Shana Diez, executiva da SpaceX focada no Starship, disse em um evento do setor naquele mês que a empresa tem um ótimo relacionamento com a organização de tráfego aéreo da FAA e trabalha em estreita colaboração com o grupo. Ela afirmou que a SpaceX quer trabalhar com a FAA para melhorar a percepção, em tempo real, dos controladores sobre onde os veículos de lançamento estão durante o voo e onde possíveis destroços poderiam cair.
Se os veículos pudessem ser rastreados em tempo real, “daria quase para tratar como um evento meteorológico”, disse ela. “Não há nenhuma razão técnica para que esse tipo de sistema não seja possível.”
Controle da missão
Antes de o painel de segurança da FAA concluir a revisão da explosão de janeiro da SpaceX, a agência permitiu que a empresa realizasse um lançamento na noite de 6 de março. Essa decisão irritou alguns participantes, segundo pessoas familiarizadas com o assunto.
A explosão do Starship em março resultou em menos problemas para o tráfego aéreo. Nenhuma aeronave relatou ter declarado emergência por combustível ou atravessado áreas com destroços de foguetes, segundo registros da FAA e pessoas a par do tema. Antes do voo, a FAA também fechou a lacuna nas áreas de destroços sobre o espaço aéreo internacional.
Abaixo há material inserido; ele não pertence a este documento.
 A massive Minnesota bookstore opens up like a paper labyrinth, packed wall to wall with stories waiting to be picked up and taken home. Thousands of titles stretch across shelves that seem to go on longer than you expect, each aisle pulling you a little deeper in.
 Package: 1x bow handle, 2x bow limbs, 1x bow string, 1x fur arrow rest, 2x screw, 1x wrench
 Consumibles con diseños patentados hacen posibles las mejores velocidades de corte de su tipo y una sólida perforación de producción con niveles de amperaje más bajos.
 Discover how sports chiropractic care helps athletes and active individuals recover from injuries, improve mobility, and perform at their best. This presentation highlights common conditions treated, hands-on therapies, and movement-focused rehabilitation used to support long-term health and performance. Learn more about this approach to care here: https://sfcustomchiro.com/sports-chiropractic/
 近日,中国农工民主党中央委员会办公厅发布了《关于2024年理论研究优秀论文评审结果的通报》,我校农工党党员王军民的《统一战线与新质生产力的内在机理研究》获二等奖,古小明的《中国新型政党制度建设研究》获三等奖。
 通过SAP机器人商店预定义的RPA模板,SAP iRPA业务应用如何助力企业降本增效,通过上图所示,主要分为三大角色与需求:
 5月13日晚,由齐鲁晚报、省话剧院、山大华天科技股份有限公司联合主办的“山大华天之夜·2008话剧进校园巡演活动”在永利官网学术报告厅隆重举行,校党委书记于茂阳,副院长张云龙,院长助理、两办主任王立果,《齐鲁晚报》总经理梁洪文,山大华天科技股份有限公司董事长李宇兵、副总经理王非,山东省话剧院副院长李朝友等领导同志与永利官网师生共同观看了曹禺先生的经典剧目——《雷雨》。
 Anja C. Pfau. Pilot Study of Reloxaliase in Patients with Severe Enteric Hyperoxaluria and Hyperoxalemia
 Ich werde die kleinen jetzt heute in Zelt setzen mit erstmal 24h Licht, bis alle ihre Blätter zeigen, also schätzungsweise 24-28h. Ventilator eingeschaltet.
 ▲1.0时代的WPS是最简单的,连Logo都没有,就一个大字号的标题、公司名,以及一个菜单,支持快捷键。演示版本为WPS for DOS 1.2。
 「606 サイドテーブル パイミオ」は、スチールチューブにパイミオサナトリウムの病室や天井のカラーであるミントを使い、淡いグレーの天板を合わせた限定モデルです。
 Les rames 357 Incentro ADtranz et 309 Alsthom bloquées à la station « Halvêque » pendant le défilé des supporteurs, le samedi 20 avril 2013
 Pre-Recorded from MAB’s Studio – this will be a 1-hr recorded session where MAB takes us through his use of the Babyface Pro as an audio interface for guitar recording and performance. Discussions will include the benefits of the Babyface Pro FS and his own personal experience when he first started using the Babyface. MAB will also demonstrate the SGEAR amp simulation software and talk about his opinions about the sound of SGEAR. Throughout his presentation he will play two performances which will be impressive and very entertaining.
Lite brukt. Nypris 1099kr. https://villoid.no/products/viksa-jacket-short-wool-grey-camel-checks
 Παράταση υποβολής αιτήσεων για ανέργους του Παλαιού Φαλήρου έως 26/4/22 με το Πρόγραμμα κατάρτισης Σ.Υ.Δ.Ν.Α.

Em maio, o painel de segurança da FAA identificou riscos elevados à segurança da aviação decorrentes de falhas em foguetes, incluindo a declaração de emergência por uma aeronave, a necessidade de pouso repentino em um aeroporto alternativo ou a sobrecarga de controladores.
A suspensão da revisão de segurança em agosto surpreendeu alguns membros do painel. Reguladores da FAA ficariam preocupados se fabricantes de aeronaves ou companhias aéreas interrompessem suas próprias revisões de segurança antes de corrigir problemas, disseram atuais e ex-funcionários da agência.
A FAA afirmou que não hesitará em convocar outro painel ou fazer “o que for necessário” para lidar com questões de segurança. Disse ainda que os reguladores responsáveis por supervisionar sua unidade de tráfego aéreo farão parte do processo.
A SpaceX realizou mais três lançamentos do Starship desde a explosão de março. Em um deles, a nave não explodiu rapidamente. Ela conseguiu voar por um período mais longo antes de perder o controle e se desintegrar perto do local previsto de amerissagem no Oceano Índico.
Nas duas últimas missões, o Starship permaneceu na trajetória definida pela empresa.
No início do próximo ano, a SpaceX deve lançar uma nova e mais potente versão do Starship.
Falando em um podcast em setembro, Musk disse que o veículo “pode ter alguns problemas iniciais de adaptação, porque é um redesenho tão radical”.